Document Fraud Training for Nigeria Immigration Service officers in Abuja.
By Marcellino Ramkishun
The African Capacity Building Centre (ACBC) in Moshi, Tanzania has played an integral role in the growth and understanding of border management and related matters throughout the African continent.
Established in 2009 at the request of IOM’s African Member States, the ACBC is fast becoming an important hub for training and capacity building in migration management for IOM Offices and IOM member states alike.
Through its broad range of activities, the Centre promotes comprehensive migration governance and facilitates a diverse range of immigration and border management projects and training courses throughout Africa and beyond.
The Centre is hosted by the Tanzania Regional Immigration Training Academy (TRITA) in Moshi. TRITA is tasked by the East African Community (EAC) Heads of Immigration Services with coordinating and providing specific training for immigration officials from the five EAC countries: Tanzania, Kenya, Rwanda, Uganda and Burundi.
TRITA and the ACBC work in close partnership and their good cooperation has benefited both in terms of joint training programmes, workshops, as well as regional support.
Over the last five years, the ACBC’s teams of experts have responded to an increasingly wide range of requests from African States to build their countries’ capacities and shape innovative solutions in regard to migration management.
As of July 2013, the ACBC had trained over 3,100 immigration and border management officials from 47 different African states, and provided specialist border management guidance to more than 30 IOM offices.
During the 2013/2014 period, the ACBC also facilitated border management interventions across the continent, most notably the IOM Abuja Five Country Conference on irregular migration.
As the ACBC celebrates its fifth anniversary in March 2015, the Centre is widening its thematic outreach in the areas of labor migration, migration health and return migration.
The Center is also looking into other immigration and border management themes such as the promotion of trade, the facilitation of the free movement of persons, good governance, gender and climate change.
The ACBC has also started to focus on humanitarian border management (HBM), migrant smuggling and human trafficking – addressing these particular challenges in crises, and supporting integrated and coordinated humanitarian response through adapted border management procedures.

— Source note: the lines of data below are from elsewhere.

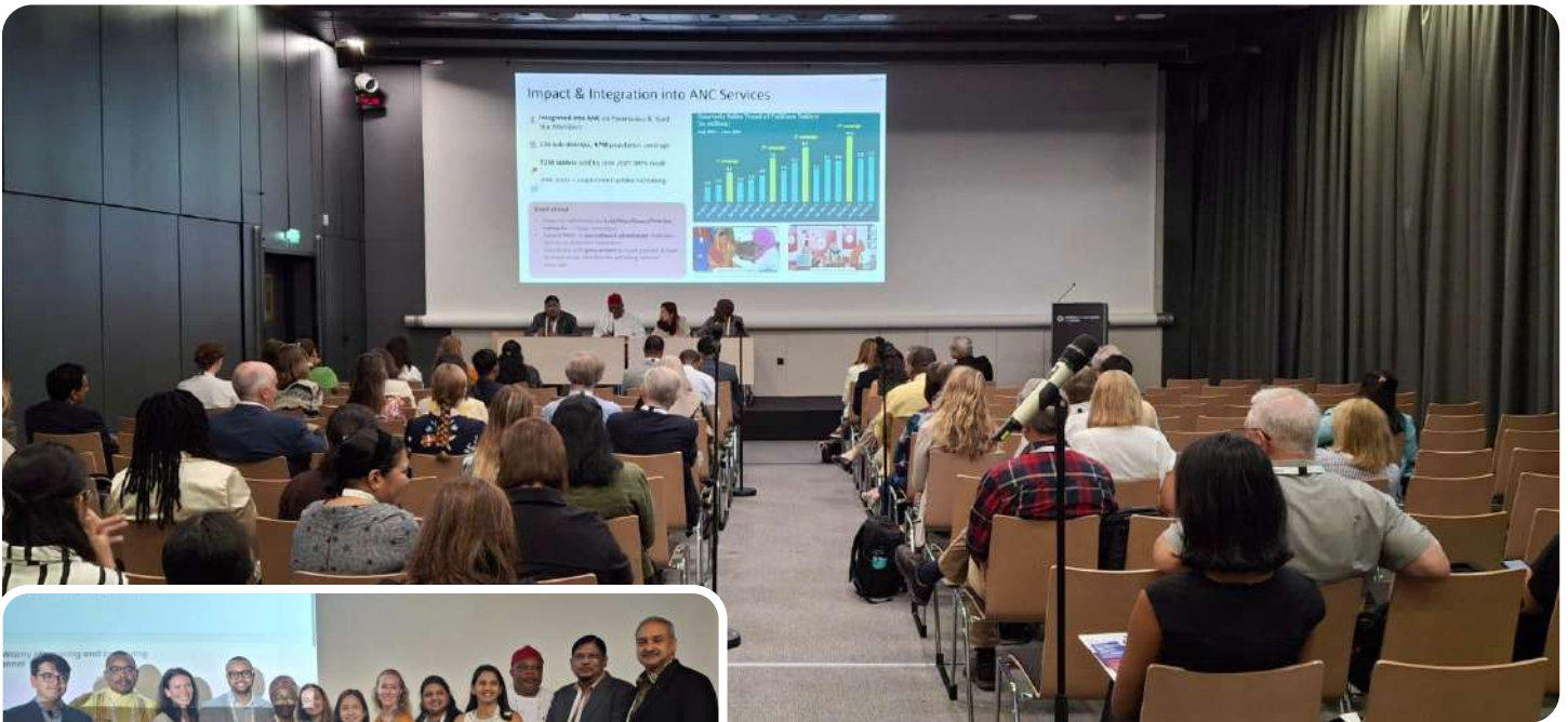
The delegation attended discussions on emerging topics such as sustainable food systems, climate change, artificial intelligence in nutrition research, non-communicable diseases, and life-cycle based public health approaches.

A major highlight of SMC’s participation was the panel discussion on “From Policy to Scale-Up: Learnings from Countries at Various Stages of the Transition” held on 28 August 2025. During this session, the MD & CEO presented SMC’s market-based Multiple Micronutrient Supplements (MMS) model, demonstrating how affordability, accessibility, and integration with community antenatal care have enabled large-scale nutrition impact in Bangladesh. The presentation received strong appreciation from around 70 distinguished participants for showcasing a sustainable private-sector approach to delivering MMS nationwide.
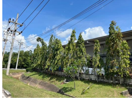
รูปที่ 24 พื้นที่สีเขียวรอบรั้วโรงงานของโรงงานต่างๆ
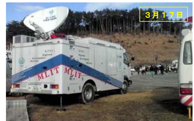
南三陸町に衛星通信車を設営 (近畿整備局TEC-FORCE)

The ACBC has delivered HBM, counter-trafficking and counter-migrant smuggling trainings in a number of countries. Recent examples include: an HBM training carried out in the Democratic Republic of the Congo; and a counter-trafficking investigation, a migrant smuggling investigation, and integrated border management trainings conducted for the Puntland Authority, Somalia and held at the ACBC.

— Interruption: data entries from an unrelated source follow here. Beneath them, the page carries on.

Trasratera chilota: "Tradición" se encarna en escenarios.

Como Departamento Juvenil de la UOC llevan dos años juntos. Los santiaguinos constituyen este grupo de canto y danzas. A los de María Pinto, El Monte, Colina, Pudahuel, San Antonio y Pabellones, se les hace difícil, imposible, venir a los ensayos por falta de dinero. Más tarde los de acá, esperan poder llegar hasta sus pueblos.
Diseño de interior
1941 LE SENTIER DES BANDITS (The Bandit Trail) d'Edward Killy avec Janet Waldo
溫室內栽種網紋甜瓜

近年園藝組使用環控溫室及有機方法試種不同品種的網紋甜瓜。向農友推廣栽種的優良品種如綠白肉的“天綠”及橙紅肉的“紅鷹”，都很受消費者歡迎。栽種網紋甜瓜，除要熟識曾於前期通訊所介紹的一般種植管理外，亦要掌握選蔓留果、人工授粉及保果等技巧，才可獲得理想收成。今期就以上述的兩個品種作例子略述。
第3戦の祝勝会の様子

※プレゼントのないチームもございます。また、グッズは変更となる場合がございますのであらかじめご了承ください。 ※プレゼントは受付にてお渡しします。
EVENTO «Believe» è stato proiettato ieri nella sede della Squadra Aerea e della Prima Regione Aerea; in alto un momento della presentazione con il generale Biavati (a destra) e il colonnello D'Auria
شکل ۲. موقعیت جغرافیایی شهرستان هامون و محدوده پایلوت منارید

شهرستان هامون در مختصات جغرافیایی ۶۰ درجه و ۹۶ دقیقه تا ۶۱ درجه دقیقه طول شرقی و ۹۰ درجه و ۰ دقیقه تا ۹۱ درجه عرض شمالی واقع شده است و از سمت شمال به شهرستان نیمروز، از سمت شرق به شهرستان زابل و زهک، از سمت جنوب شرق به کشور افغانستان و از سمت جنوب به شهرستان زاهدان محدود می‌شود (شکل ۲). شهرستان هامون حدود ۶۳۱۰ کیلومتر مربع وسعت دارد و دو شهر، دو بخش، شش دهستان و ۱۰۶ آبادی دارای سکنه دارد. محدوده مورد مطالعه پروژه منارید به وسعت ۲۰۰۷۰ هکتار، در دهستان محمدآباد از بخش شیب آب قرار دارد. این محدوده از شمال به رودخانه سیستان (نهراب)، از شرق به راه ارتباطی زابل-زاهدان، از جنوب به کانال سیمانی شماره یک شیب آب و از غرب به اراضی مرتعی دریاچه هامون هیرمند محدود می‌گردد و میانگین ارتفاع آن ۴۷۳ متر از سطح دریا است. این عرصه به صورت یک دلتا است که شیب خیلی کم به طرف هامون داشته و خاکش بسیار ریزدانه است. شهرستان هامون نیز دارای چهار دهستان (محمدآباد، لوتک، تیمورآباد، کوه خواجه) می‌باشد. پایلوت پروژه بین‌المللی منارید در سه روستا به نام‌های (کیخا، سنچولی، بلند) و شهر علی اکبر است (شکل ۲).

“Although it is difficult to work in the Anti- Trafficking Unit because it involves organized crime, through this training session we have learnt a lot – especially how to detect traffickers and how to support and assist the victims of trafficking,” said Lul Saleban Ali, a woman counter trafficking officer from Puntland, Somalia.
One of the ACBC’s main focuses is the Migration Information and Data Analysis System (MIDAS) – which involves the training of officials to capture, analyze and transfer aggregated migrant traveler data to their headquarters. MIDAS is a border management software developed by IOM in order to equip and enable States that have inadequate data capture systems.